“Dal 1 gennaio al 12 agosto 2012 il numero dei roghi è aumentato di circa il 79% rispetto all’anno precedente, con 5.375 incendi boschivi divampati dall’inizio dell’anno”, questi i dati forniti dal Ministero delle Politiche Agricole Alimentari e Forestali.Quello degli incendi estivi, ancora ieri sono stati individuati ben 139 roghi in Italia, rischia di diventare un fatto ‘normale’, buono per riempire le cronache dei mass media, ma impossibile da arginare.
In Sicilia ricordiamo, in particolare, l’incendio che ha devastato la riserva naturale dello Zingaro (TP) in misura così significativa che è stato vietato per molti giorni l’ingresso dei visitatori e la navigazione proibita sino a 50 metri dalla costa e quello della discarica di Bellolampo (PA).Ma ricordiamo, soprattutto, la morte del forestale Francesco Pizzuto.

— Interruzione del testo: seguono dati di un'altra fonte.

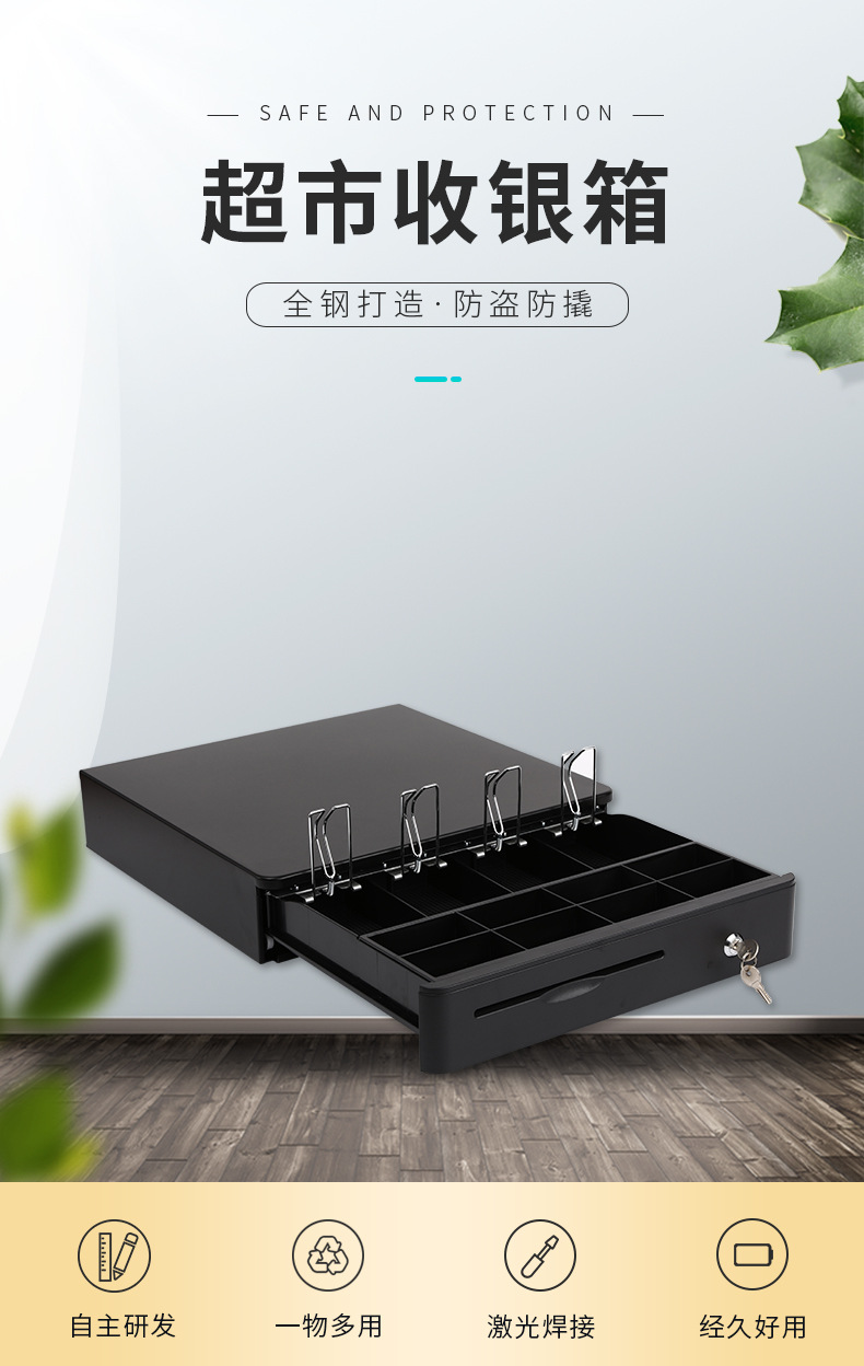 收银机钱箱商场超市餐饮奶茶钱箱Q235B钢板钱箱收钱箱批发

Ovviamente, al centro di ogni riflessione la natura dei roghi. Secondo G. Zanna (Legambiente Sicilia) i roghi sono “appiccati da delinquenti approfittando del caldo che alimenta il fuoco, e per le ragioni più diverse: dal forestale non riassunto che vuole vendicarsi agli speculatori, dai pastori a quelli che non amano le riserve naturali”. Ma Zanna denuncia, anche, l’assenza di politiche di prevenzione.
Interessante la proposta del sindaco di Campello sul Clitunno (PG) che, per potenziare le capacità di intervento, propone di acquistare Canadair invece dei ‘famosi’ caccia F35.
Molti fanno riferimento ai risultati positivi ottenuti, durante la presidenza di Tonino Perna, nel Parco nazionale dell’Aspromonte, quando i roghi vennero ridotti quasi del 90%.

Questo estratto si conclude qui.